* _What the task requires_:
Return all of the data exactly as written, without the pictures.

* _Records for the exercise_:

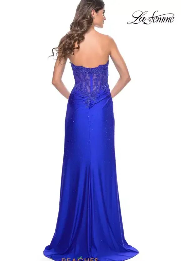 Be the most memorable in this unforgettable La Femme prom dress 32011. Elegant beaded lace adorns the strapless zip up corset bodice for a subtle shine and flattering ruching is featured along the seam of the Thigh high slit for an elegant touch. This gown is created with a classic sleek sweep train.
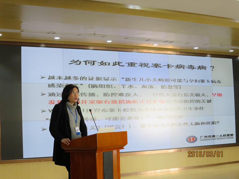 3月1日下午,我院在英东门诊九楼学术报告厅组织开展了《寨卡病毒病诊疗方案及防控》培训,窗口部门及临床科室医务人员等近百人参加了培训。聂玉强副院长主持本次培训。
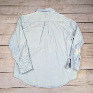 Vintage Western-style shirt with unique Southwestern flair. This light blue button-up features decorative embroidery across the chest and on the pocket flaps, with an Aztec-inspired pattern. Yes there are bleach stains and yes I think you should add more! Some loose bead strings.
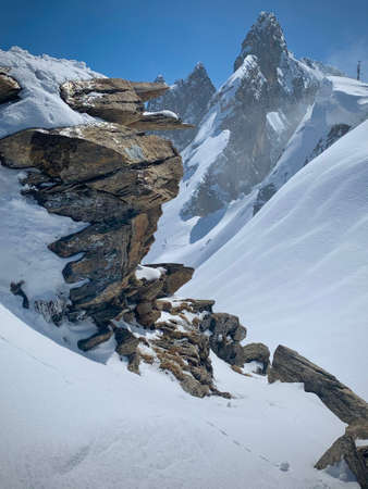 A snowfield and rock formations in the Mont Blanc area. Alps.
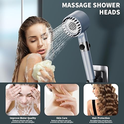 ButterFox Duschkopf mit Filter, Hochdruck Handbrause mit Schlauch, 4 Strahlarten Duschkopf Wassersparend mit Filtration in 15 Schichten, Duschbrause mit Verstellbarer für Erwachsene Kinder Haustiere
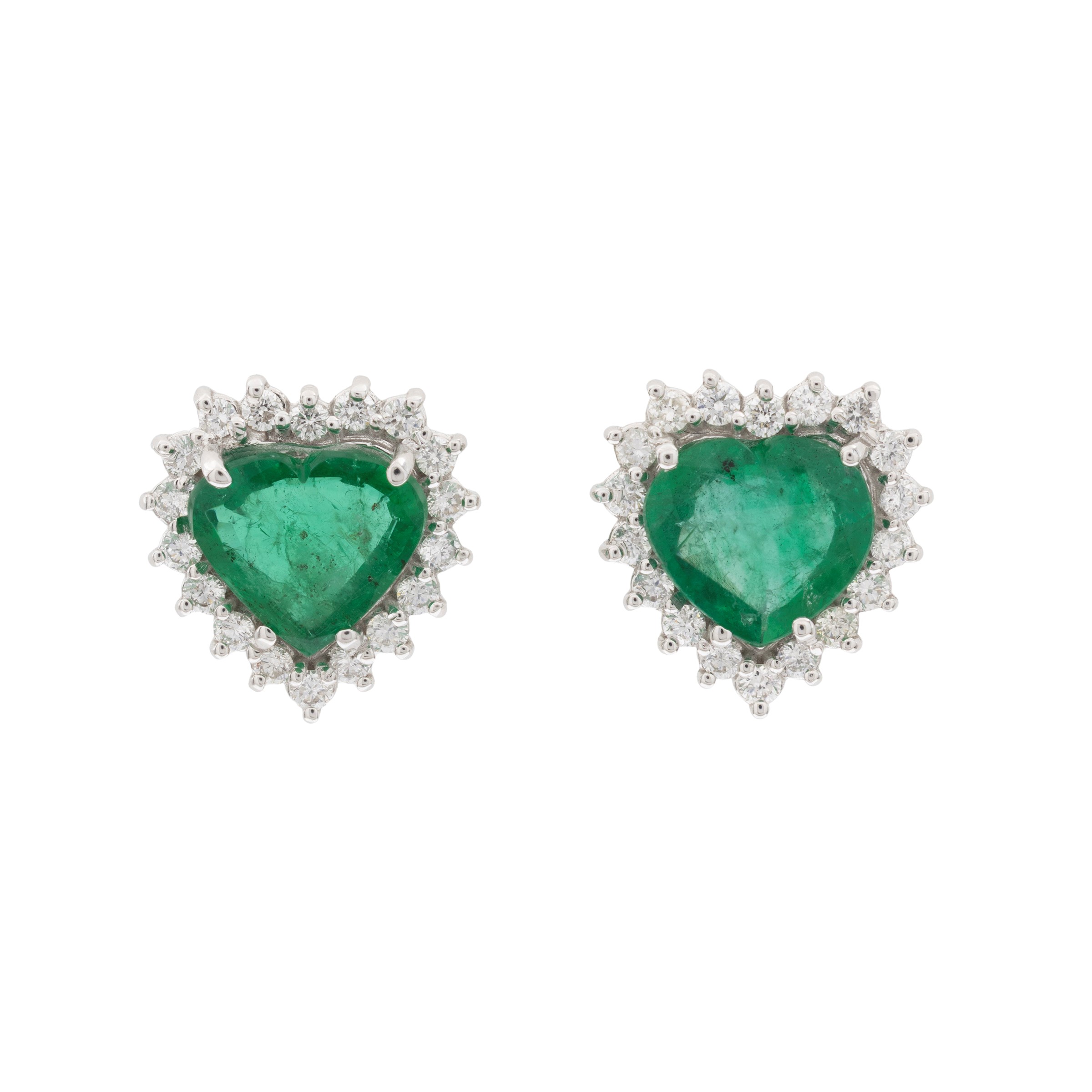 18kt white gold lobe earrings with two heart-shaped emeralds

* _Solution to this exercise_:
 Be the most memorable in this unforgettable La Femme prom dress 32011. Elegant beaded lace adorns the strapless zip up corset bodice for a subtle shine and flattering ruching is featured along the seam of the Thigh high slit for an elegant touch. This gown is created with a classic sleek sweep train.
 3月1日下午,我院在英东门诊九楼学术报告厅组织开展了《寨卡病毒病诊疗方案及防控》培训,窗口部门及临床科室医务人员等近百人参加了培训。聂玉强副院长主持本次培训。
 Vintage Western-style shirt with unique Southwestern flair. This light blue button-up features decorative embroidery across the chest and on the pocket flaps, with an Aztec-inspired pattern. Yes there are bleach stains and yes I think you should add more! Some loose bead strings.
 A snowfield and rock formations in the Mont Blanc area. Alps.
 ButterFox Duschkopf mit Filter, Hochdruck Handbrause mit Schlauch, 4 Strahlarten Duschkopf Wassersparend mit Filtration in 15 Schichten, Duschbrause mit Verstellbarer für Erwachsene Kinder Haustiere
 18kt white gold lobe earrings with two heart-shaped emeralds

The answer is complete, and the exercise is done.